## Data to examine:

━━━━━━━━━━━━━━━━━━━━

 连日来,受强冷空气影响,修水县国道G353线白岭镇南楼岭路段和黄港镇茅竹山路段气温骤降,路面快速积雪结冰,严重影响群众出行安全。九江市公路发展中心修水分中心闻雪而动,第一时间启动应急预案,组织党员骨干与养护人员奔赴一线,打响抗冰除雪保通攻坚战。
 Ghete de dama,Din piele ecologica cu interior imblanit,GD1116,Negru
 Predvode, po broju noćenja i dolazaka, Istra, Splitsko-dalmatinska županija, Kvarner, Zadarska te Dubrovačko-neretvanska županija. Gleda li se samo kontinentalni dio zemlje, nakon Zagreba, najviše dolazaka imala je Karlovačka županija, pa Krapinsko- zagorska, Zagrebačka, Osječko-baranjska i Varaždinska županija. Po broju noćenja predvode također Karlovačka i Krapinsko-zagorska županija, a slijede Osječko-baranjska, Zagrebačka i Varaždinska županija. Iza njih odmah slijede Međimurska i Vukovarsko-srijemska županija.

━━━━━━━━━━━━━━━━━━━━

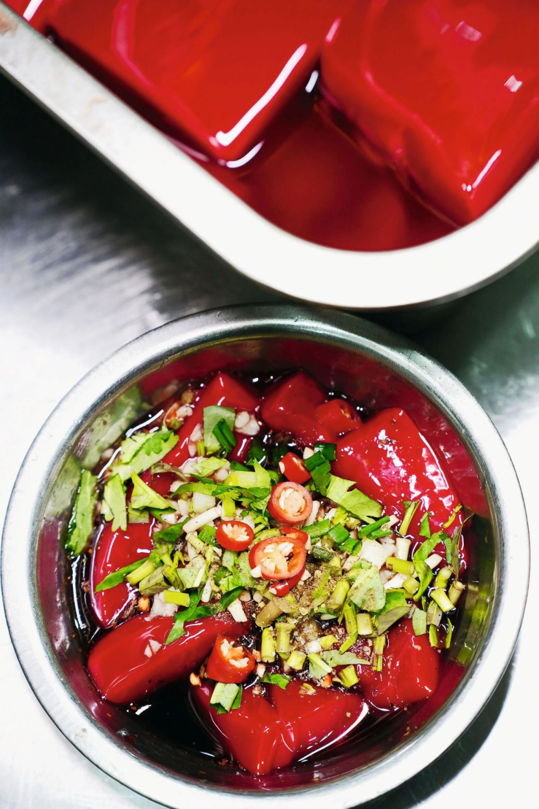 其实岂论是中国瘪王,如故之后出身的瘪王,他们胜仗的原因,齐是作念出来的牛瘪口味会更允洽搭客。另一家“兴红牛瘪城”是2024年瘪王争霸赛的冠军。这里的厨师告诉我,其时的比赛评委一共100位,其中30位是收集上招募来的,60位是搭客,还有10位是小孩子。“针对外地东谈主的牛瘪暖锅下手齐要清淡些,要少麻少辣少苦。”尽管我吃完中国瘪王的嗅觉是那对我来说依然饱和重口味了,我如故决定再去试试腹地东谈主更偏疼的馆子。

━━━━━━━━━━━━━━━━━━━━

## Exercise objective:
Copy out each line of the data above, exactly, if it lies between the line holding "连日来,受强冷空气影响,修水" and the line holding "Ghete de dama,Din", inclusive; copy no other line.

## Written answer:
 连日来,受强冷空气影响,修水县国道G353线白岭镇南楼岭路段和黄港镇茅竹山路段气温骤降,路面快速积雪结冰,严重影响群众出行安全。九江市公路发展中心修水分中心闻雪而动,第一时间启动应急预案,组织党员骨干与养护人员奔赴一线,打响抗冰除雪保通攻坚战。
 Ghete de dama,Din piele ecologica cu interior imblanit,GD1116,Negru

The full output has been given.